WORK INSTRUCTIONS
Please, without the pictures, restate every entry exactly.

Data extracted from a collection
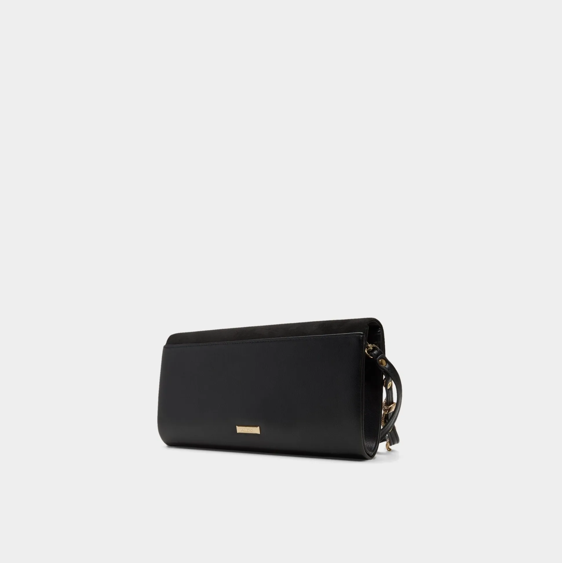 Velvety suede folds into a sharp envelope over smooth black leather, edged in gold with a sculptural snake-link strap that snaps off, flipping the clutch from hand hero to effortless shoulder swing. Carry it with a satin slip at rooftop drinks or sling it over a blazer-and-jeans brunch look, pulling every outfit together with subtle rebel polish.
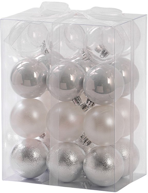 Создайте волшебную атмосферу праздника с великолепным набором из 24 шаров! Изысканное сочетание прозрачного, серебристого и белого цветов создаст неповторимую композицию на вашей ёлке.
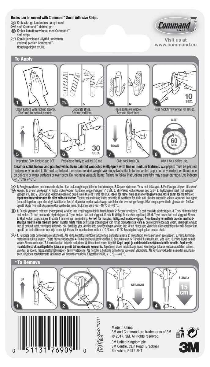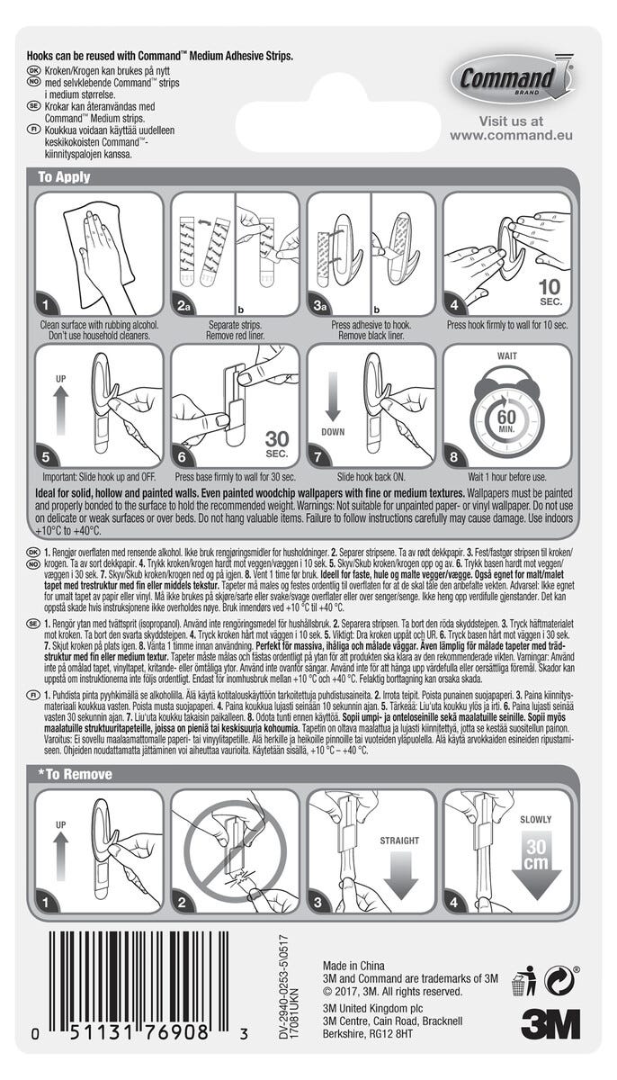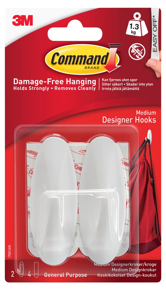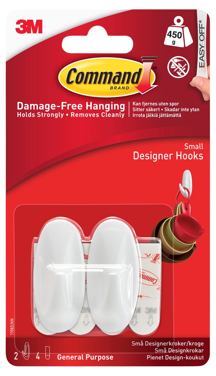 • Command-seinäkoukut – pysyvät tukevasti kiinni eivätkä vahingoita kiinnityspintaa.
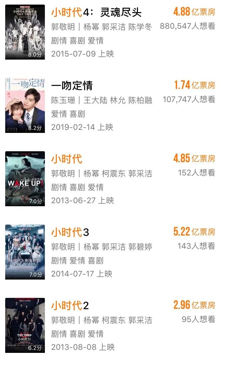 4部小时代总票房达17.91亿 图片来源:灯塔专业版
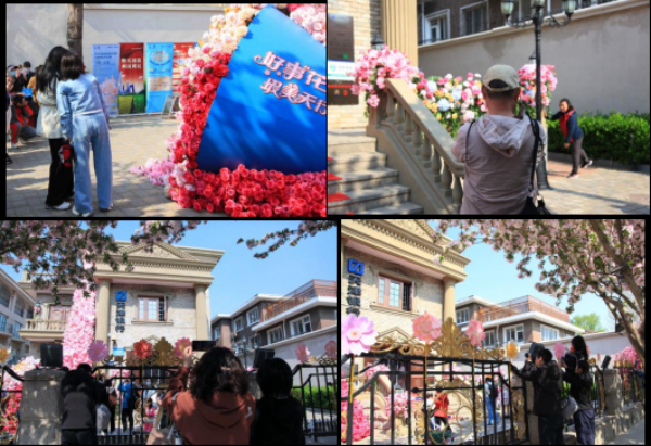 近日,天津市和平区大理道人流涌动,花香扑鼻。天津银行大理道支行吸引了不少人群前来拍照。

REPLY
 Velvety suede folds into a sharp envelope over smooth black leather, edged in gold with a sculptural snake-link strap that snaps off, flipping the clutch from hand hero to effortless shoulder swing. Carry it with a satin slip at rooftop drinks or sling it over a blazer-and-jeans brunch look, pulling every outfit together with subtle rebel polish.
 Создайте волшебную атмосферу праздника с великолепным набором из 24 шаров! Изысканное сочетание прозрачного, серебристого и белого цветов создаст неповторимую композицию на вашей ёлке.
 • Command-seinäkoukut – pysyvät tukevasti kiinni eivätkä vahingoita kiinnityspintaa.
 4部小时代总票房达17.91亿 图片来源:灯塔专业版
 近日,天津市和平区大理道人流涌动,花香扑鼻。天津银行大理道支行吸引了不少人群前来拍照。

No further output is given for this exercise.